The most commonly used active ingredients for the symptomatic therapy of heart failure come from the group of beta-blockers. Beta-blockers block activating hormones like adrenaline and northern adrenaline. Among other things, this causes the heart’s resting frequency to normalize and the blood vessels to expand. This lowers blood pressure, improves blood circulation and oxygen supply, and relieves the heart. They also reduce the excitability of the heart muscle.
Many used beta-blockers are bisoprolol and metoprolol.
ACE inhibitors block the action of the angiotensin-converting enzyme (ACE). This enzyme plays a key role in regulating blood pressure and water balance. ACE inhibitors such as benazepril, captopril, ramipril or zofenopril relieve the heart by widening blood vessels and thus lowering high blood pressure. At the same time, they help promote water excretion. This reduces the blood volume and the heart is relieved.
The excretion-promoting effect of ACE inhibitors is in many cases insufficient to relieve the heart of blood volume and to flush out edema caused by cardiac insufficiency. This task is carried out by the so-called water tablets (diuretics) such as hydrochlorothiazide, spironolactone and furosemide.
Antiarrhythmics are agents that normalize the heartbeat. As a rule, the aim is to slow down an accelerated heartbeat (tachycardia). Active ingredients such as ajmaline, flecainide, or phenytoin achieve this effect, among other things, by blocking the flow of sodium ions into the cells.
Other antiarrhythmics include potassium channel blockers such as amiodarone and sotalol and calcium channel blockers such as diltiazem and verapramil.
Anticoagulants such as Phenprocoumon or Eliquis, Pradaxa, and Xarelto are used in cardiomyopathies to prevent blood clots from forming in the heart. This is because these clots pose a significant risk.
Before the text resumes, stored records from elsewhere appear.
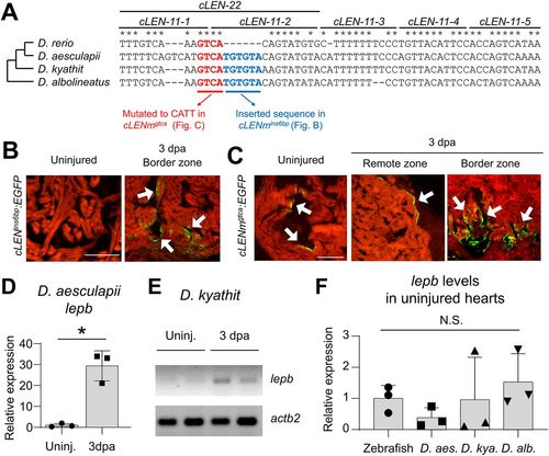 The cLEN repressive element, but not a neighboring sequence, is present in other Danio species. (A) Alignment of orthologous sequences of cLEN11-1 to cLEN11-5 in Danio species, including Danio rerio, Danio aesculapii, Danio kyathit and Danio albolineatus. cLEN-22 contains 6 or 9 bp insertions in non-zebrafish sequences. Asterisks indicate conserved base pairs. The conserved GTCA sequence overlapping cLEN-11-1 and cLEN-11-2 is marked in red. Dendrogram indicates phylogenetic relationship. (B) Images of cardiac sections of cLENins6bp:EGFP transgenic fish harboring a 6 bp insertion (TGTGTA). (C) Images of cardiac sections of cLENmgtca:EGFP transgenic fish harboring the mutation of GTCA to CATT. The arrows indicate endocardial EGFP expression. Numbers of animals are shown in Table S3. (D) RT-qPCR analysis of lepb in uninjured and 3 dpa hearts of D. aesculapii. (E) RT-PCR of samples from the uninjured and 3 dpa hearts of D. kyathit. actb2 was used as the loading control. Uninj., uninjured hearts. (F) RT-qPCR analysis of lepb in the uninjured hearts of zebrafish, D. aesculapii, D. kyathit and D. albolineatus. The data are presented as mean±s.d., n=3; lepb transcript levels were normalized to actb2 levels in D,F. *P<0.05; N.S., not significant. Student's unpaired, two-tailed t-test. Scale bars: 100 µm in B,C. |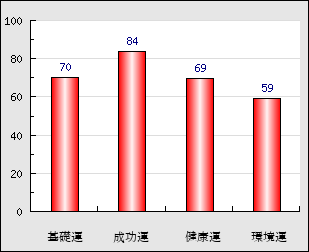 成功運 目的に対する成功運の強さをあらわします。この点数が高いほど自分の思い通りに成功し、逆に悪いと逆境・批判・障害などに苦心します。 84点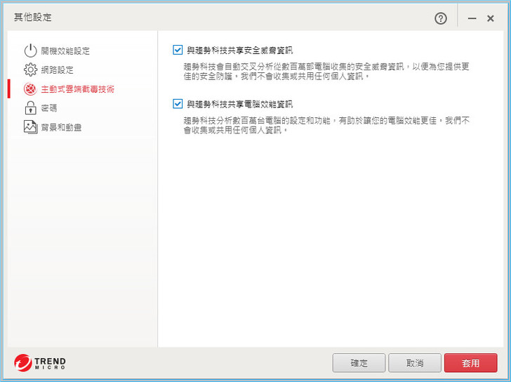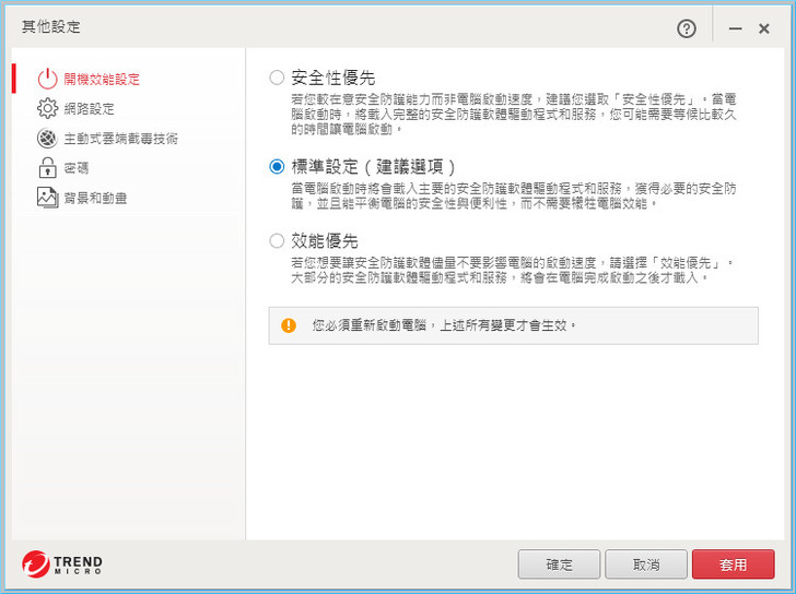 【▼】在趨勢PC-cillin 2017雲端版整體設定部分,有開機效能設定,有的用戶不上網,要上網再連線,建議可以以效能優先。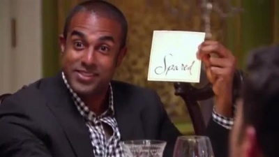 At dinner, the actual method is explained to the viewers and contenders. Cards are handed out, to determine who is and isn't safe from the next elimination. It's a simple process, but they manage to spin it out for six minutes. Longer than the entire puzzle chase earlier. And, with two ad breaks during the exposition and reveal, it's almost a quarter-hour of people's lives. We could have jumped over almost half of the programme and missed nothing of substance.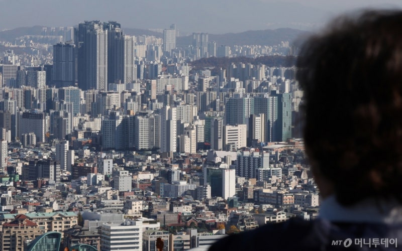 (서울=뉴스1) 장수영 기자 = 14일 서울 중구 남산에서 바라본 도심에 아파트 단지가 보이고 있다. 서울 아파트 거래량이 지난달 대비 10분의 1 수준으로 급감한 것으로 나타났다. 이는 토지거래허가구역 지정과 정부의 10·15 부동산 대책으로 인해 매매심리…
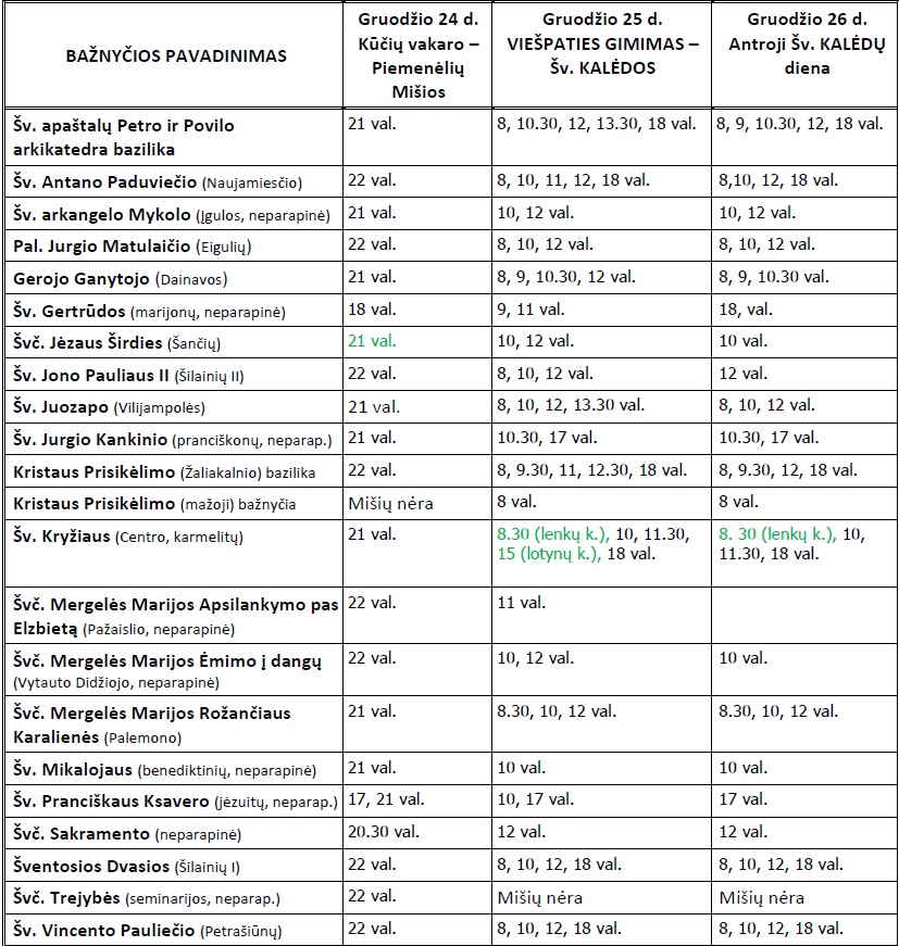 Artėjant Didžiosioms metų šventėms kauniečiams.lt redakcija kviečia pasižvalgyti, kokiu laiku pagrindinėse miesto bažnyčiose vyks Piemenėlių mišios (Kūčių vakaro apeigos) ir Šv. Kalėdų (pirmos ir antros dienos) iškilmės. Sąrašu dalinamės žemiau:

They can trigger pulmonary embolisms, for example.
If drug therapy for cardiomyopathies does not relieve the symptoms, surgery is another option. For example, damaged heart valves are replaced, parts of the heart muscle are removed or pacemakers are implanted.
The heart transplant remains the last possibility and the only causal therapy option.
The prognosis for the course and life expectancy of cardiomyopathies depends on the type and extent of the heart muscle damage and the general state of health. In mild forms of blood pressure-related (hypertrophic) cardiomyopathy, for example, those affected have a normal life expectancy if the high blood pressure is consistently treated.
Dilated and restrictive cardiomyopathies, on the other hand, are often recognized very late and can then often hardly be treated effectively. Up to 80 percent of those affected die within 5 years of diagnosis.
Cardiomyopathies are very often the result of cardiovascular disease. To reduce the risk of these diseases, you should lead a heart-healthy lifestyle. Above all, exercise keeps the circulation and the heart fit.
A fresh and varied diet provides the body with all the necessary nutrients and also helps to avoid obesity.
Lung and heart health are closely related. Quitting smoking is, therefore, a cornerstone in the prevention and accompanying treatment of heart muscle disorders. Regular consumption of alcohol is also harmful to the heart.
Finally, the prevention of cardiomyopathies also includes having favorable diseases (see causes) treated consistently.